And yet anti-Semitic thought does not reside solely in Iran. If anything, it’s been on the rise for the last several year, especially after September 11.

One would think that the Jews would be the last folks people would blame for an act of terrorism committed by Islamo-Fascist terrorists, but liberal logic always finds a way. Here’s the thought process:

1) We were attacked because Muslim terror extremists hate us.
2) We support Israel.
3) Muslim terror extremists hate Israel.
4) Therefore, we’re hated for our support for Israel.
5) Resolved: it’s all Israel’s fault.

Of course, there’s a simpler logic to be followed here, one that has nothing to do with anti-Semitic thought.

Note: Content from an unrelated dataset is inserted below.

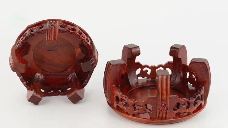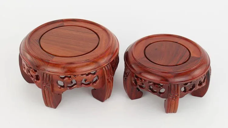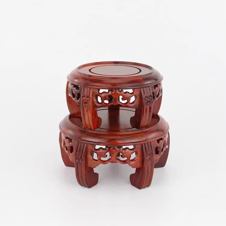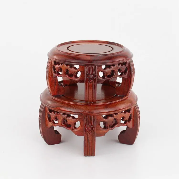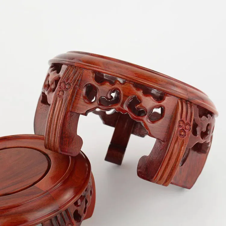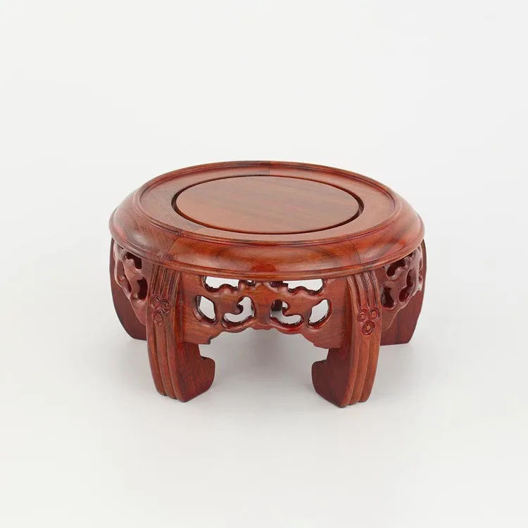 Round Solid Wood Base Ornament, Buddha Statue, Jade Ware, Solid Wood Support, Bonsai Vase, Round Head Antique Base

1) The Islamo-fascist terrorists are maybe a few hundred idiots.
2) Those few hundred idiots were looking to breed terror; they don’t need a reason, it’s what they do.
3) Resolved: It’s not Israel’s fault … the only fault lies in the hands of the terrorist idiots.

See how much simpler that is?

And truer.

Of course, it’s been a long time since anyone thought rationally about Israel and the Jews. Even within the church.

Last I checked, Martin Luther provided the theological basis, and some frighteningly prophetic descriptions, for the Holocaust Hitler enacted in the 1930s and 1940s, when between 5-7 million were locked up in steel buildings to await their extermination.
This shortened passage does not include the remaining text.